The contents defined as the safety level (ASIL) by the international standard include the method for verifying the system and the "conditions" required for the verification of the safety level required for the safety mechanism elements. included. For example, the difficulty of developing the system can be estimated from the requested ASIL. When the design support system 500 notifies the person in charge of the related system of the functional safety request, the functional safety request and the ASIL may be combined and notified.

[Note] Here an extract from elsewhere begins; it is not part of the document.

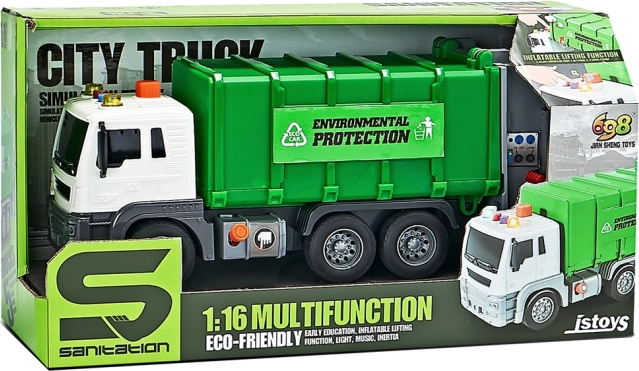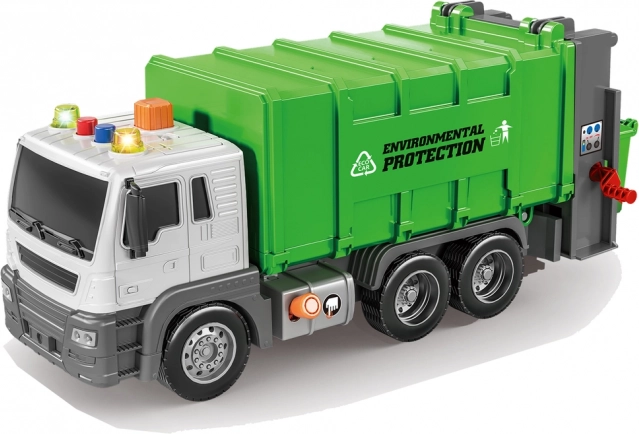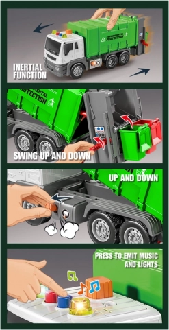 Met de groene vuilniswagen kunnen kinderen spelen alsof ze verantwoordelijke burgers zijn die afval scheiden. Dit realistische model biedt geweldige geluidseffecten die de verbeelding en interesse voor spel van kinderen stimuleren.

For example, a system is required to have a higher safety level than the safety level previously set for the system, and it may not be possible to secure the required safety level simply by reducing the failure rate of hardware. As an alternative measure, there is the addition of a safety mechanism element to the system or the like. However, if it is difficult to secure the personnel required for the development due to the difficulty of developing the safety mechanism element, it is necessary to take measures such as increasing the number of persons in charge of the organization. At that time, it may accept persons other than the relevant organization, or even accept persons who have no direct interest in the relevant organization. When such a response is required, the design support system 500 not only notifies the functional safety requirement, but also notifies the functional safety requirement in combination with ASIL, which is necessary for the development thereof. It is possible to promptly start studying the skills, personnel composition, failure detection method, fail-safe action method, etc., and secure appropriate human resources as a person in charge by the time detailed system development is started. Can be done.

In addition, the person in charge of the related system related to the system registers the correspondence, setting, answer, etc. for the above "condition" in the design support system 500, and the information is shared among the related parties.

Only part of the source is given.